(Beginning of Given data)

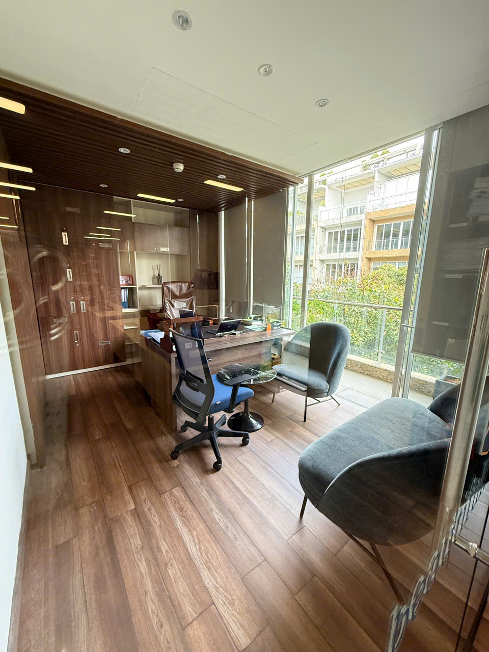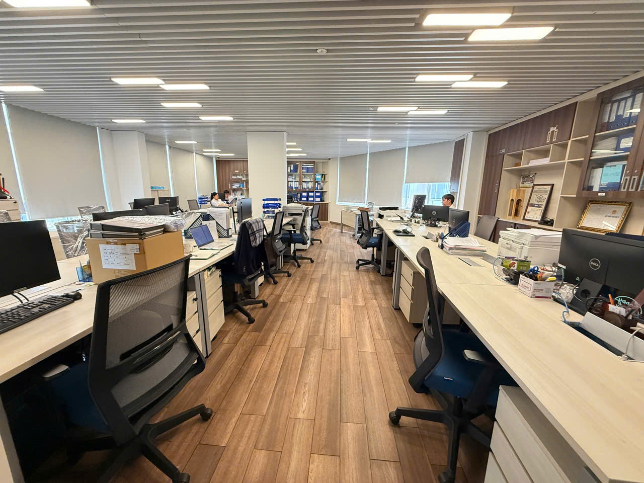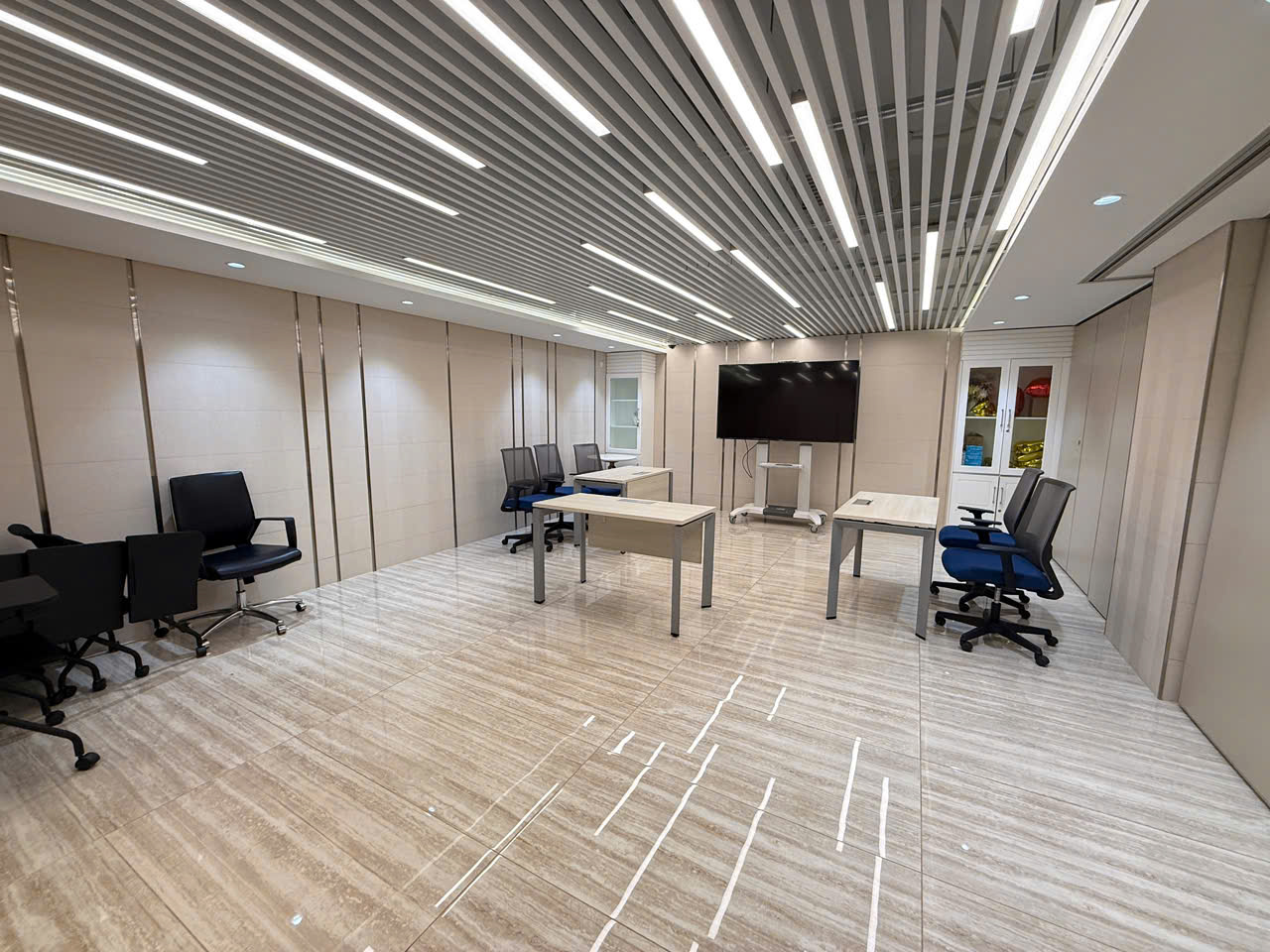 - Cho thuê sàn văn phòng hoàn thiện đã setup khu làm việc cho nhân viên, phòng giám đốc, phòng họp, ngăn phòng và setup sẵn bàn ghế
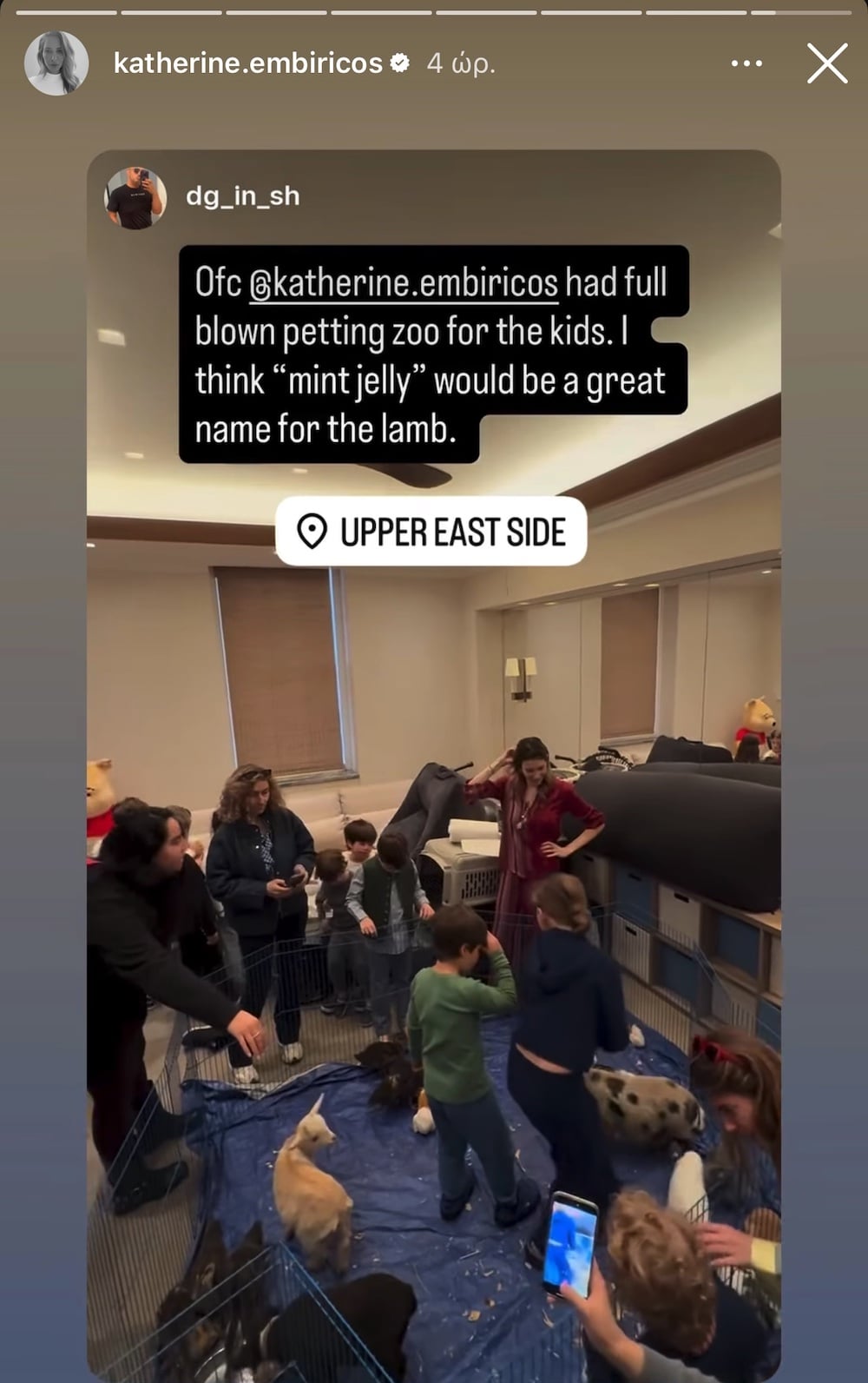 Στο Upper East Side της Νέας Υόρκης, εκεί όπου τα σπίτια μοιάζουν να κρύβουν μικρούς ιδιωτικούς κόσμους, τα outfits της Κυριακής του Πάσχα φέτος δεν ακολούθησαν κανέναν κανόνα. Δεν υπήρχαν dress codes ή προσδοκίες, μόνο μια αίσθηση ελευθερίας μέσα σε ένα σπίτι γεμάτο φίλους, οικογένειες και παιδιά, σε μια συνάντηση που έμοιαζε περισσότερο με ζωντανό, ιδιωτικό κόσμο παρά με ένα τυπικό κοινωνικό κάλεσμα. Οικοδέσποινα η Catherine Empiricos, που υποδέχτηκε ανθρώπους από τον προσωπικό της κύκλο, ενώ ανάμεσά τους βρέθηκε και η Σοφία Καρβέλα, μαζί με τα παιδιά της, σε ένα σκηνικό όπου οι μεγάλοι συζητούσαν και τα παιδιά κινούνταν ελεύθερα, δίνοντας τον ρυθμό της ημέρας.
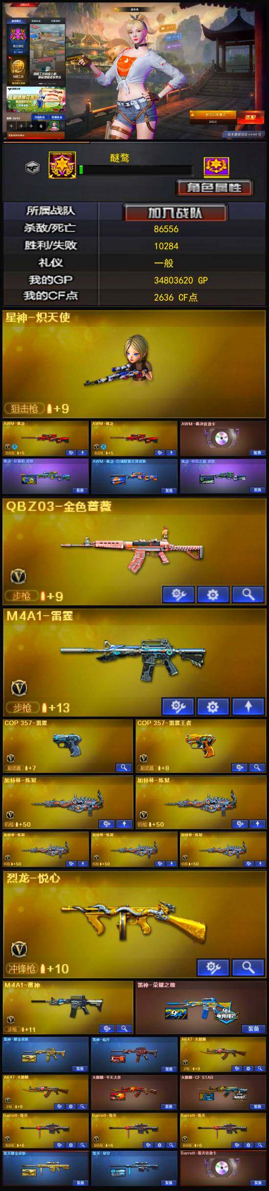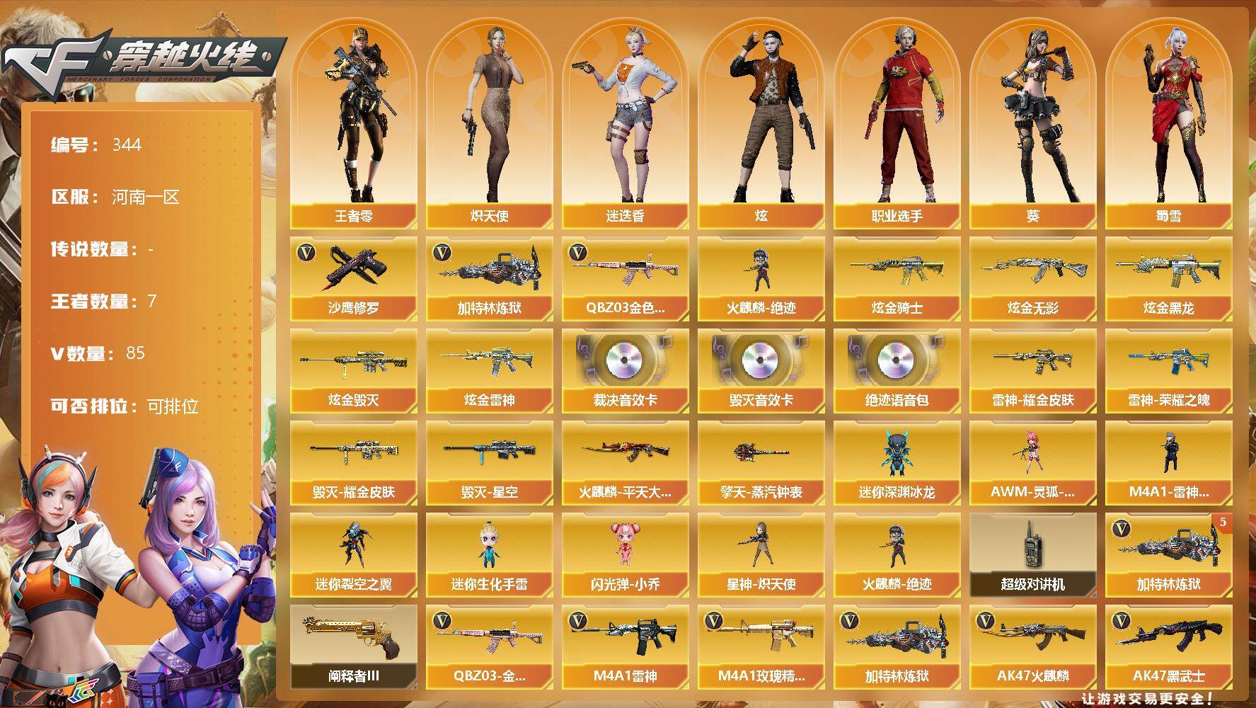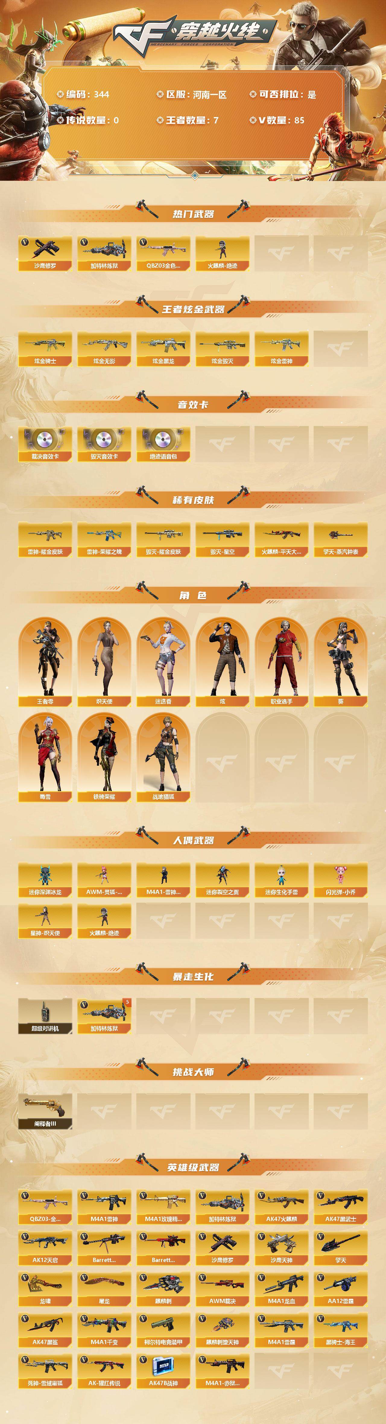 [13036244]【344】80V/102级/荣耀元首/7王者/6炫金/5英雄/QBZ03-金色蔷薇/加特林-炼狱/火麒麟-绝迹/沙鹰-修罗/炫金黑骑士/炫金无影/炫金黑龙/炫金毁灭/炫金雷神/Barrett-毁灭音效卡/AWM-裁决音效卡/绝迹语音包/雷神荣耀之魄/雷神-耀金皮肤/火麒麟-平天大圣/毁灭耀金皮肤/毁灭-星空/擎天-蒸汽钟表/葵/炫/迷迭香/战地猎狐/王者-零/蜀雪/炽天使/铁骑荣耀/职业选手/星神-炽天使/AWM-灵狐-15周年嘉年华/M4A1-雷神-精英刀锋/迷你深渊冰龙/迷你裂空之翼/迷你生化手雷/闪光弹-小乔/超级对讲机/5炼狱/阐释者/M4A1-千变/AK47-火麒麟/M4A1-雷神/AK47-黑武士/AK12-天启/AK47-黑鲨/M4A1-龙血/M4A1-雷霆/死神-雪域霜狐/M4A1-玫瑰精灵/AK-47-猩红传说/AK47-B-战神/黑骑士-海王/Barrett-毁灭/Barrett-极光/AWM-裁决/AA-12-雷霆/沙鹰-天神/柯尔特-电竞装甲/屠龙/龙啸/麒麟刺-堕天神/擎天/麒麟刺/M4A1-赤狱骑士

(End of Given data)

— Exercise —
Give the data above again, exactly and completely. No pictures go in.

— Result for this exercise —
 - Cho thuê sàn văn phòng hoàn thiện đã setup khu làm việc cho nhân viên, phòng giám đốc, phòng họp, ngăn phòng và setup sẵn bàn ghế
 Στο Upper East Side της Νέας Υόρκης, εκεί όπου τα σπίτια μοιάζουν να κρύβουν μικρούς ιδιωτικούς κόσμους, τα outfits της Κυριακής του Πάσχα φέτος δεν ακολούθησαν κανέναν κανόνα. Δεν υπήρχαν dress codes ή προσδοκίες, μόνο μια αίσθηση ελευθερίας μέσα σε ένα σπίτι γεμάτο φίλους, οικογένειες και παιδιά, σε μια συνάντηση που έμοιαζε περισσότερο με ζωντανό, ιδιωτικό κόσμο παρά με ένα τυπικό κοινωνικό κάλεσμα. Οικοδέσποινα η Catherine Empiricos, που υποδέχτηκε ανθρώπους από τον προσωπικό της κύκλο, ενώ ανάμεσά τους βρέθηκε και η Σοφία Καρβέλα, μαζί με τα παιδιά της, σε ένα σκηνικό όπου οι μεγάλοι συζητούσαν και τα παιδιά κινούνταν ελεύθερα, δίνοντας τον ρυθμό της ημέρας.
 [13036244]【344】80V/102级/荣耀元首/7王者/6炫金/5英雄/QBZ03-金色蔷薇/加特林-炼狱/火麒麟-绝迹/沙鹰-修罗/炫金黑骑士/炫金无影/炫金黑龙/炫金毁灭/炫金雷神/Barrett-毁灭音效卡/AWM-裁决音效卡/绝迹语音包/雷神荣耀之魄/雷神-耀金皮肤/火麒麟-平天大圣/毁灭耀金皮肤/毁灭-星空/擎天-蒸汽钟表/葵/炫/迷迭香/战地猎狐/王者-零/蜀雪/炽天使/铁骑荣耀/职业选手/星神-炽天使/AWM-灵狐-15周年嘉年华/M4A1-雷神-精英刀锋/迷你深渊冰龙/迷你裂空之翼/迷你生化手雷/闪光弹-小乔/超级对讲机/5炼狱/阐释者/M4A1-千变/AK47-火麒麟/M4A1-雷神/AK47-黑武士/AK12-天启/AK47-黑鲨/M4A1-龙血/M4A1-雷霆/死神-雪域霜狐/M4A1-玫瑰精灵/AK-47-猩红传说/AK47-B-战神/黑骑士-海王/Barrett-毁灭/Barrett-极光/AWM-裁决/AA-12-雷霆/沙鹰-天神/柯尔特-电竞装甲/屠龙/龙啸/麒麟刺-堕天神/擎天/麒麟刺/M4A1-赤狱骑士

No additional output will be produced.